> [TRY IT] Could you restate every entry word for word, leaving the pictures out?

> [Recorded data]
-=-=-=-=-

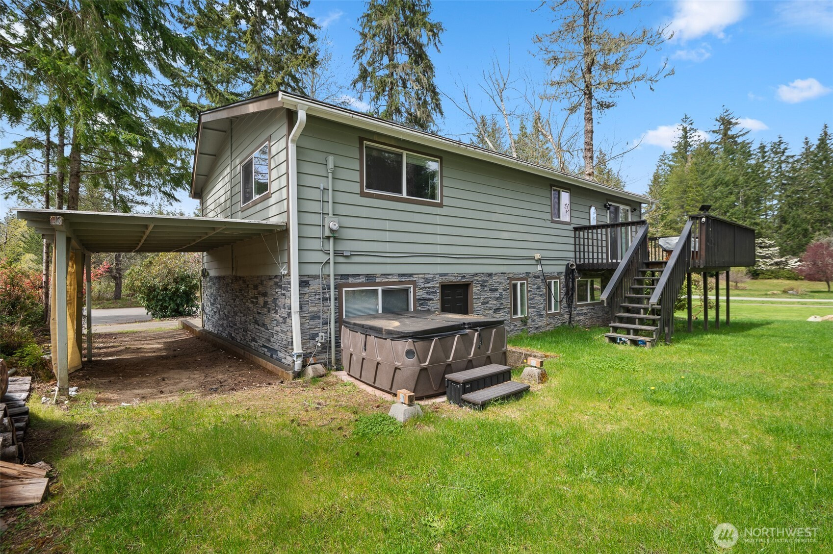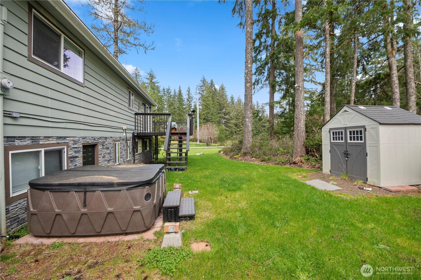 Positioned just off the 3rd tee box at Alderbrook Golf & Yacht Club, this updated home offers comfort, recreation, and a setting that’s hard to duplicate. Tucked at the end of a quiet cul-de-sac, the property enjoys a peaceful feel with scenic fairway views and front-row golf course positioning. Stone accents add curb appeal, while mini-split heating and cooling provide efficient year-round comfort. The light-filled main level features inviting living spaces, two spacious bedrooms, and a seamless connection to the expansive deck off the kitchen—perfect for outdoor dining, entertaining, or relaxing above the course. Downstairs offers exceptional flexibility with a large second living room, game room with pool table, half bath, utility area, and an additional room ideal for guests, office space, hobbies, or extra sleeping quarters. The oversized half bath offers room to add a shower for expanded functionality. Outside, enjoy warm summer evenings around the firepit, unwind in the hot tub, or take advantage of the generous yard space. A detached shed keeps tools and gear organized, while the attached garage plus covered carport provide excellent parking and storage. Alderbrook ownership includes access to an incredible lifestyle, including unlimited golf for two, plus nearby clubhouse amenities, trails, parks, and Hood Canal just minutes away. Whether you're seeking a full-time residence, weekend getaway, or golf retreat, this is one you won't want to miss!!
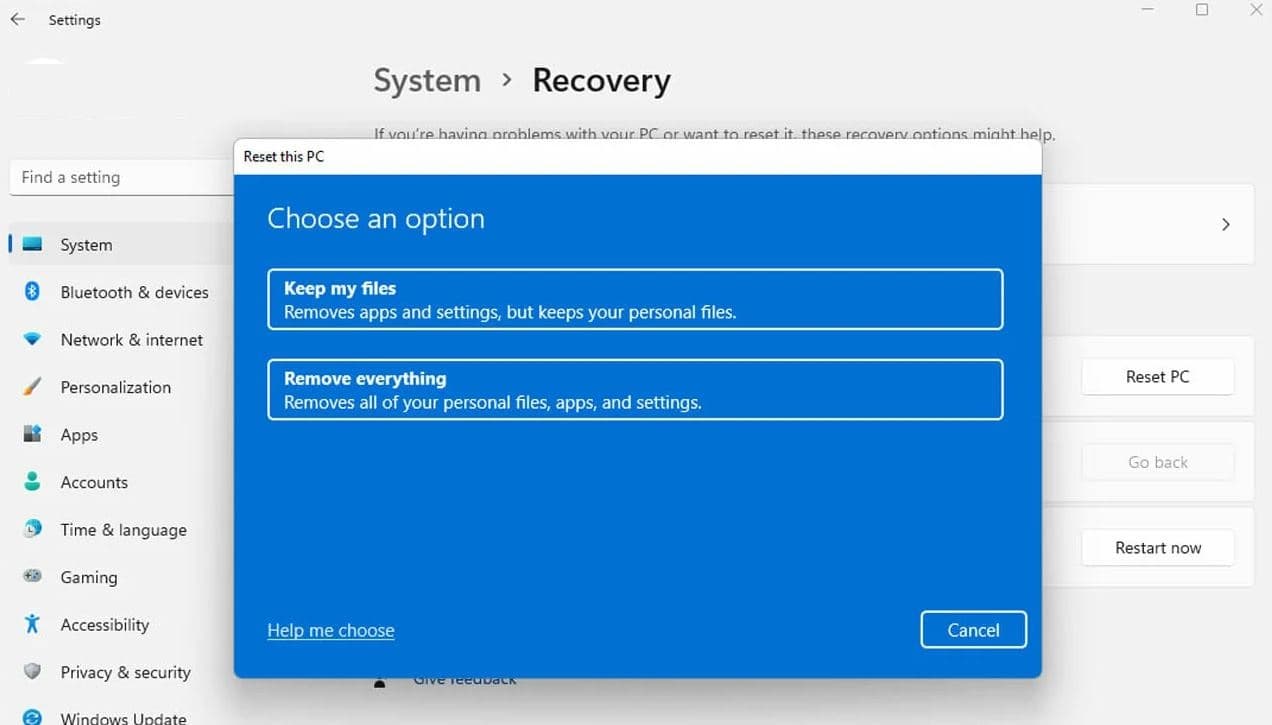 - Fjern alt: Denne mulighed geninstallerer Windows fuldstændigt og fjerner alle personlige filer, apps og indstillinger. Din pc vil blive gendannet til sin oprindelige tilstand.
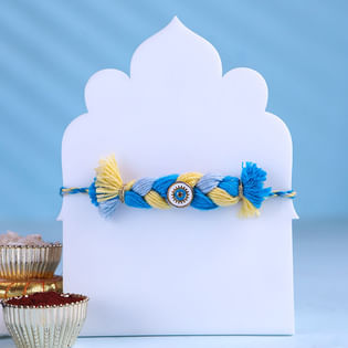 Blue N Yellow Evil Eye Kids Rakhi With Chocolates
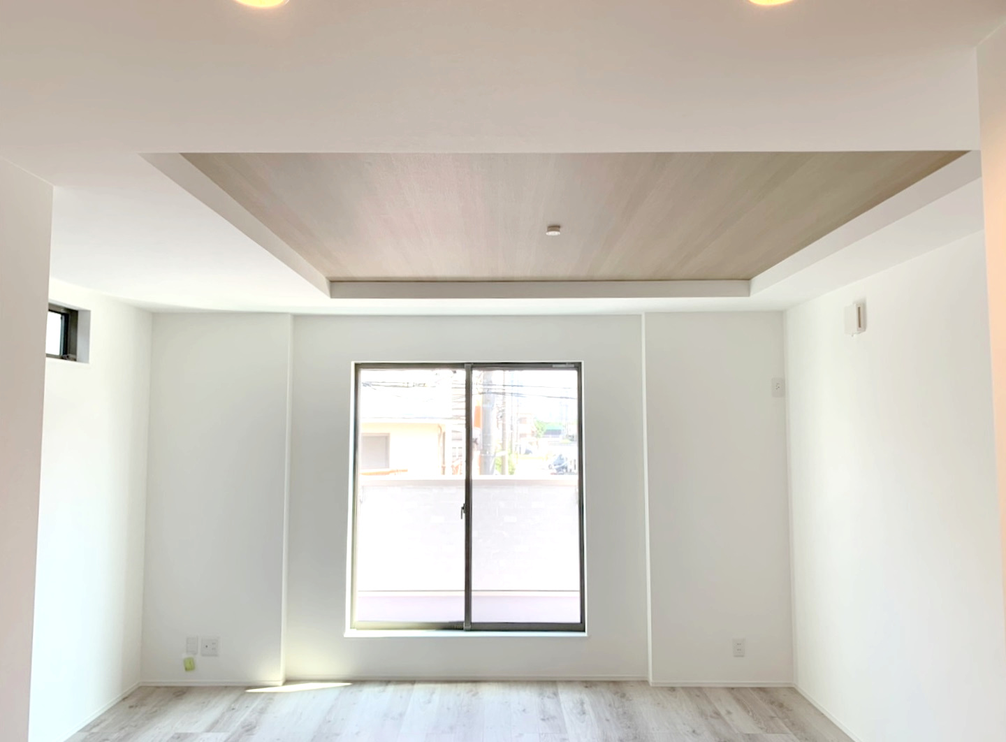 南に面しているLDKには明るい日差しが入り、シンプルな空間にアクセントを持たせた折り上げ天井になっています。
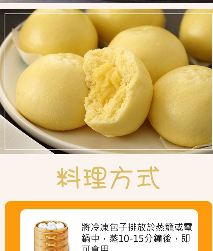 2、電鍋加熱:將冷凍包子排放於蒸籠或電鍋中,蒸10-15分鐘後,即可食用
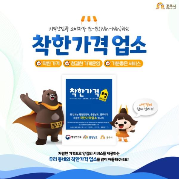 [헬스앤마켓리포터스, 조태익기자] 공주시는 저렴한 가격으로 지역 물가 안정에 기여하고 있는 ‘착한가격업소’를 오는 24일까지 공개 모집한다고 밝혔다.
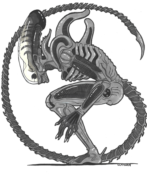 draw it with a pencil and black ink[I claim no ownership of the character used in this image. Characters of Alien belong to their creator Ridley Scott as well as Twentieth Century-Fox.]
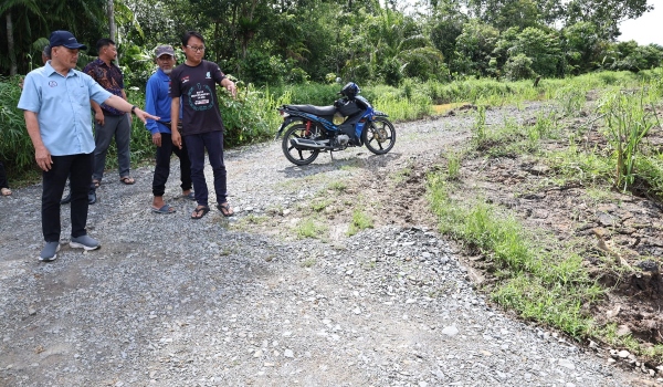 “Kawasan ini sering dilanda banjir dan mengakibatkan tanah menjadi mendap yang pasti menjadi satu kerumitan kepada penduduk kampung, jadi satu keperluan untuk menaikan taraf jalan ini menjadi jalan konkrit.” katanya kepada pemberita selepas meninjau jalan berkenaan semalam.
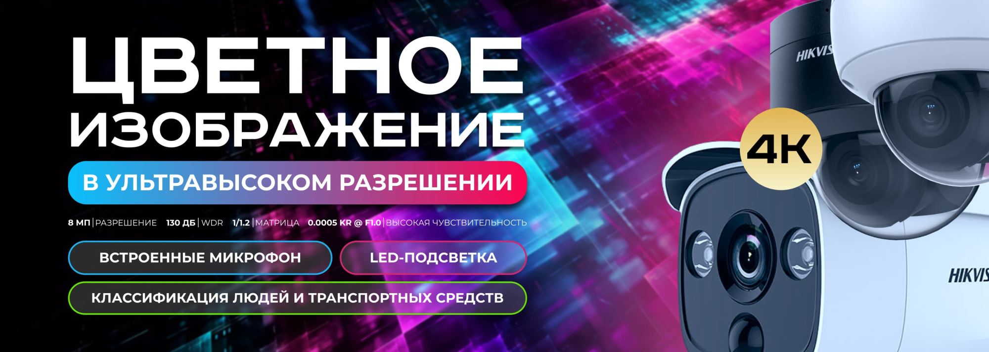 Ключевым преимуществом камер Hikvision ColorVu с ультравысоким разрешением по сравнению с другими решениями, представленными на рынке, является высокий уровень детализации и яркости изображения. Эффективность работы системы видеонаблюдения повышается не только за счет оптимальных параметров угла обзора по вертикали и по горизонтали, но и за счет функции цифрового зумирования, которая оптимально подходит для применения в 4К-системах видеонаблюдения. Это позволяет использовать 4K-новинки ColorVu для охвата больших территорий, а одна такая камера может заменить несколько обычных устройств, что помогает сократить количество оборудования на объекте и, как результат, снизить затраты на закупку, монтаж и обслуживание систем безопасности.
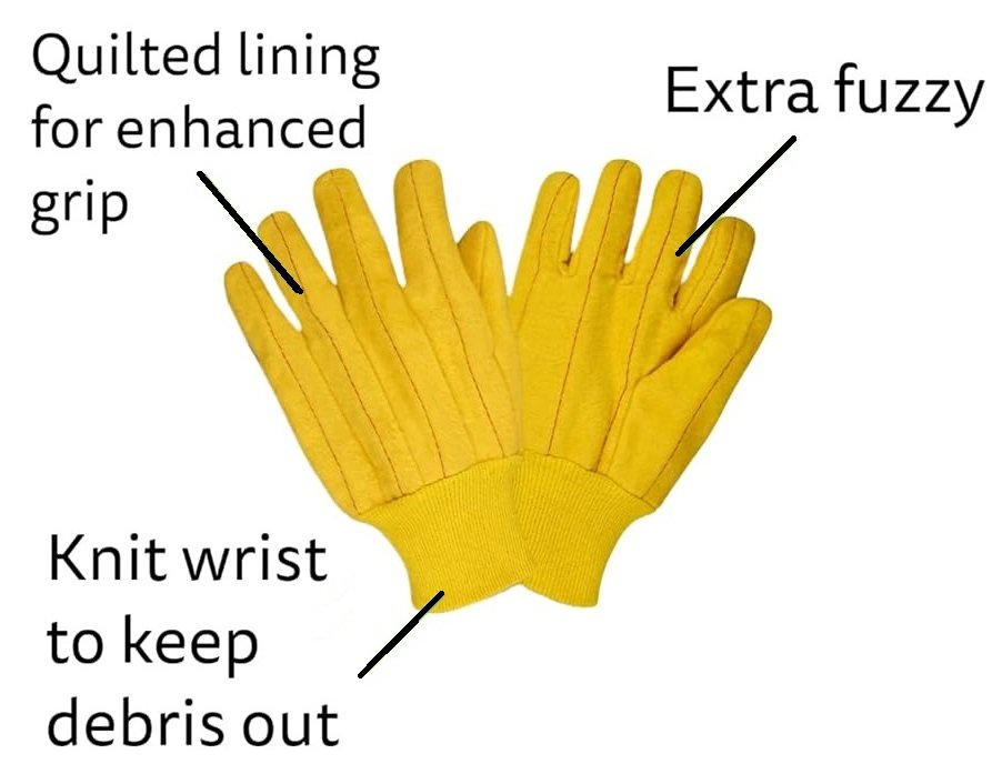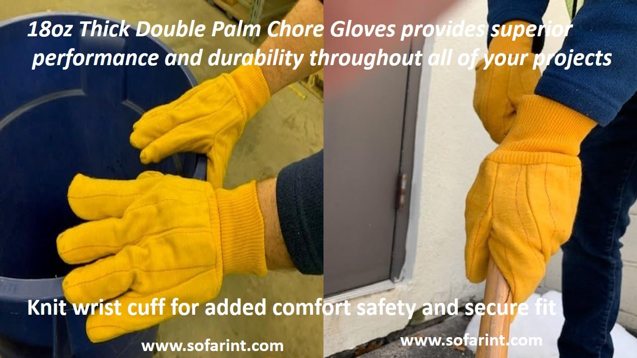 Double Palm Chore Gloves are constructed with a yellow cotton brushed fabric and breathable, Providing excellent flexibility, comfortability and durability on the job. The Chore Gloves feature a knit wrist, straight thumb, and nap out palm design to protect yourself on the job. Clute cut pattern with straight thumb Yellow Chore Gloves Red Quilted On Palm With Knit Wrist. A heavy-duty work glove, the Chore Glove, features a two-layered fleece quilted palm and back, providing superior comfort- and protection. The knit wrist ensures a secure fit, keeping debris and dirt out of the glove. This Chore Glove is perfect for tough outdoor jobs such as gardening, farming, and construction.
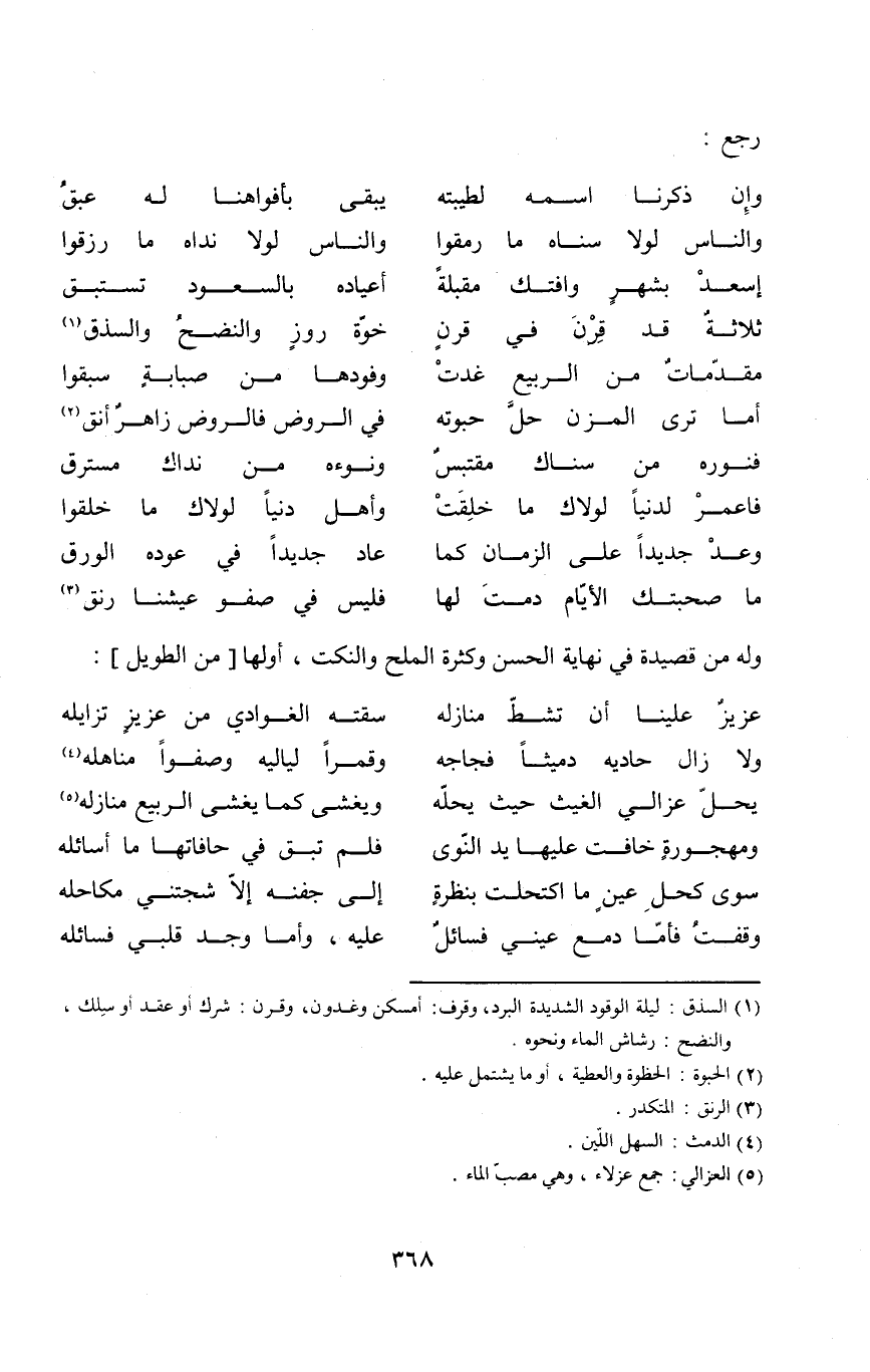 (وَالنَّاس لَوْلَا سناه مَا رمقوا ... وَالنَّاس لَوْلَا نداه مَا رزقوا)

-=-=-=-=-

> [ANSWER BOX]
 Positioned just off the 3rd tee box at Alderbrook Golf & Yacht Club, this updated home offers comfort, recreation, and a setting that’s hard to duplicate. Tucked at the end of a quiet cul-de-sac, the property enjoys a peaceful feel with scenic fairway views and front-row golf course positioning. Stone accents add curb appeal, while mini-split heating and cooling provide efficient year-round comfort. The light-filled main level features inviting living spaces, two spacious bedrooms, and a seamless connection to the expansive deck off the kitchen—perfect for outdoor dining, entertaining, or relaxing above the course. Downstairs offers exceptional flexibility with a large second living room, game room with pool table, half bath, utility area, and an additional room ideal for guests, office space, hobbies, or extra sleeping quarters. The oversized half bath offers room to add a shower for expanded functionality. Outside, enjoy warm summer evenings around the firepit, unwind in the hot tub, or take advantage of the generous yard space. A detached shed keeps tools and gear organized, while the attached garage plus covered carport provide excellent parking and storage. Alderbrook ownership includes access to an incredible lifestyle, including unlimited golf for two, plus nearby clubhouse amenities, trails, parks, and Hood Canal just minutes away. Whether you're seeking a full-time residence, weekend getaway, or golf retreat, this is one you won't want to miss!!
 - Fjern alt: Denne mulighed geninstallerer Windows fuldstændigt og fjerner alle personlige filer, apps og indstillinger. Din pc vil blive gendannet til sin oprindelige tilstand.
 Blue N Yellow Evil Eye Kids Rakhi With Chocolates
 南に面しているLDKには明るい日差しが入り、シンプルな空間にアクセントを持たせた折り上げ天井になっています。
 2、電鍋加熱:將冷凍包子排放於蒸籠或電鍋中,蒸10-15分鐘後,即可食用
 [헬스앤마켓리포터스, 조태익기자] 공주시는 저렴한 가격으로 지역 물가 안정에 기여하고 있는 ‘착한가격업소’를 오는 24일까지 공개 모집한다고 밝혔다.
 draw it with a pencil and black ink[I claim no ownership of the character used in this image. Characters of Alien belong to their creator Ridley Scott as well as Twentieth Century-Fox.]
 “Kawasan ini sering dilanda banjir dan mengakibatkan tanah menjadi mendap yang pasti menjadi satu kerumitan kepada penduduk kampung, jadi satu keperluan untuk menaikan taraf jalan ini menjadi jalan konkrit.” katanya kepada pemberita selepas meninjau jalan berkenaan semalam.
 Ключевым преимуществом камер Hikvision ColorVu с ультравысоким разрешением по сравнению с другими решениями, представленными на рынке, является высокий уровень детализации и яркости изображения. Эффективность работы системы видеонаблюдения повышается не только за счет оптимальных параметров угла обзора по вертикали и по горизонтали, но и за счет функции цифрового зумирования, которая оптимально подходит для применения в 4К-системах видеонаблюдения. Это позволяет использовать 4K-новинки ColorVu для охвата больших территорий, а одна такая камера может заменить несколько обычных устройств, что помогает сократить количество оборудования на объекте и, как результат, снизить затраты на закупку, монтаж и обслуживание систем безопасности.
 Double Palm Chore Gloves are constructed with a yellow cotton brushed fabric and breathable, Providing excellent flexibility, comfortability and durability on the job. The Chore Gloves feature a knit wrist, straight thumb, and nap out palm design to protect yourself on the job. Clute cut pattern with straight thumb Yellow Chore Gloves Red Quilted On Palm With Knit Wrist. A heavy-duty work glove, the Chore Glove, features a two-layered fleece quilted palm and back, providing superior comfort- and protection. The knit wrist ensures a secure fit, keeping debris and dirt out of the glove. This Chore Glove is perfect for tough outdoor jobs such as gardening, farming, and construction.
 (وَالنَّاس لَوْلَا سناه مَا رمقوا ... وَالنَّاس لَوْلَا نداه مَا رزقوا)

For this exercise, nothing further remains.